> WHAT NEEDS TO BE DONE: Repeat exactly the lines of the entries below from the one with "Harvning i samarbete" through the one with "TABLEAU DES FLUX", both ends included, and nothing else.

> RECORDS FOR THE EXERCISE:
=-=-=

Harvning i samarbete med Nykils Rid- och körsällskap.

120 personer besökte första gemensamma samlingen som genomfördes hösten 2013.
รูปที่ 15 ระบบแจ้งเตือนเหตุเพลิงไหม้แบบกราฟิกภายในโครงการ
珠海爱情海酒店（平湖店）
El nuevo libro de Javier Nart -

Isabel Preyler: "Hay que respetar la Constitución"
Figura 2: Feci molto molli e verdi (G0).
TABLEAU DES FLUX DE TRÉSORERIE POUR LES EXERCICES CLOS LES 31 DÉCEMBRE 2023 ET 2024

=-=-=

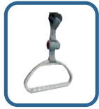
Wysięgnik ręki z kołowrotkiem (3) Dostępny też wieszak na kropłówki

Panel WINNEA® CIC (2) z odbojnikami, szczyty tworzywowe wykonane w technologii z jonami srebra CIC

=-=-=

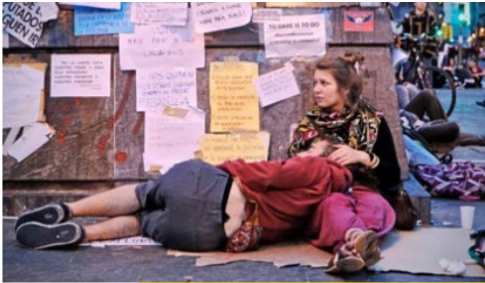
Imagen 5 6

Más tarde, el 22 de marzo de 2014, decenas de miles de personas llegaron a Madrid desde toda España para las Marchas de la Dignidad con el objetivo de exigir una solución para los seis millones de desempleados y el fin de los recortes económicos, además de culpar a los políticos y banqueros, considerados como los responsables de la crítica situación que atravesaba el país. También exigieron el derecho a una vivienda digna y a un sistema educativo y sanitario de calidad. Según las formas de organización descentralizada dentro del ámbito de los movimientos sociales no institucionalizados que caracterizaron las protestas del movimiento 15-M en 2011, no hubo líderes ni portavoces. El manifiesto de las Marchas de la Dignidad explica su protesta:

=-=-=

> THE ANSWER:
Harvning i samarbete med Nykils Rid- och körsällskap.

120 personer besökte första gemensamma samlingen som genomfördes hösten 2013.
รูปที่ 15 ระบบแจ้งเตือนเหตุเพลิงไหม้แบบกราฟิกภายในโครงการ
珠海爱情海酒店（平湖店）
El nuevo libro de Javier Nart -

Isabel Preyler: "Hay que respetar la Constitución"
Figura 2: Feci molto molli e verdi (G0).
TABLEAU DES FLUX DE TRÉSORERIE POUR LES EXERCICES CLOS LES 31 DÉCEMBRE 2023 ET 2024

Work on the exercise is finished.